That part about being "discredited" at electronics is exactly what's impossible about getting a job via HR. A lot of employers love to be lied to, and it's the florid, convincing way that you do it that shows you have tact, subtlety and "peoiple skills". In a world where actually doing your job correctly has fallen by the wayside, that's the asset companies are investing in.
Peter Drucker noted that the most competent people hire the most competent help. An example would be Kelly Johnson's "Skunk Works" division at Lockheed, a small group which did quick work at pushing the envelope in aviation, but also seems to have drained the rest of the company for brains.
Peter also notes that second rate people live in fear of a more competent subordinates, so they hire 3rd rate employees. Those two ratings being the majority, most places are populated by people who learned to team up to cheat their way through school, and then into jobs.

I am also reminded of Jon Sirkis' summation of school: "We were being taught what to think instead of how." When calculators came in, it became trivial for consumers to compare payment plans and such. Math education was quickly destroyed with a focus on arcane number theory to discourage everyone from ever using it.
 
I've seen lots of YouTube videos listed and ads encouraging this new trendy thing of "manifesting" things into being. I never really watch them, but occasionally one auto plays. I seriously don't understand how we've now gotten to the point at which we as a species, think we can manifest physical objects or money into existence with the power of thought.
There was a very long gap between the idea of atoms, and our recent understanding of how they cohere. The breakthrough was A.A. Griffith's experiments with very thin fibers, and consequent search for the reasons that most things were weak, not strong like simpler chains of atoms. Before his time, the best steel was sometimes treated with the urine of goats fed on ferns, which was not entirely superstitious nonsense, but very laborious and not fully effective.

I think that to understand human society, we have to dig out the hidden communications as well as look at the physical manifestations. During our early years, we are a danger both to ourselves and others, and incapable to understand adult complexities. So, we are told white lies about Santa Claus, inspired with young, fictional heroes, and allowed to dream of fame and fortune. It helps us grow. Next, we develop a natural preference for "a good story." If we want apprentices to remember a safety rule, it is more memorable if embellished with exaggeration or a funny story about a violation. We also seem to be readily convinced by anything in rhyme, because that was the best way to keep a story from being changed in memory before we had writing.

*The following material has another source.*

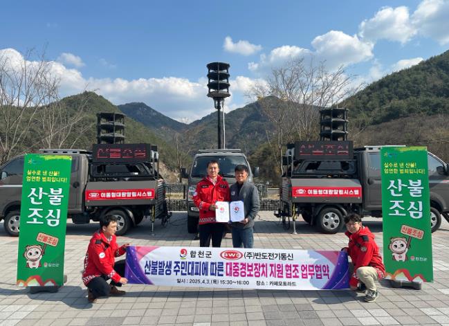 [무한뉴스=최진수 기자] 합천군과 반도전기통신이 3일 대병면 일원에서 ‘산불발생 시 주민긴급대피에 따른 이동식 대중경보장치 지원협조’를 위한 업무협약을 체결했다.

So far, fiction is better than truth. However, children are also unable to fight with grownups, and so nearly all children experiment with lies as their only defense when they misbehave. If a talented kid has a gullible parent, they may make deception central to all their subsequent development. Gangs form up around mutual concealment and blackmail. The more the honest, cooperative people have been successful, the greater the rewards for the liars. However, I think we are quite overwhelmed by the vast riches they can accumulate even under agriculture, let alone industrialization.

The brain is a pattern-recognizing system, and it errs both in missing many, and in seeing others that are not true. Various cultures, and even some modern people think that the wind is caused by trees waving their branches. The American West used to have traveling "Rainmakers." They'd set up some fancy gadget to make it rain, and, if they didn't get run out of town, claim the credit when it did rain. Scientific observation is simple, but also rare and fragile. If it conflicts with an established lie, it has to wait a long time for an opportunity. Rather incongruously, that opportunity often involves humour - it is the surprise juxtaposition of two conflicting ideas that may finally get them a fair comparison.

Where there is a lot of money at stake, we are seeing the application of Herman Goering's maxim that if a lie is big enough, people will assume nobody would dare tell it if it was not true. I've seen dozens of government programs, and also some popular rallying cries that are actually about their exact opposites.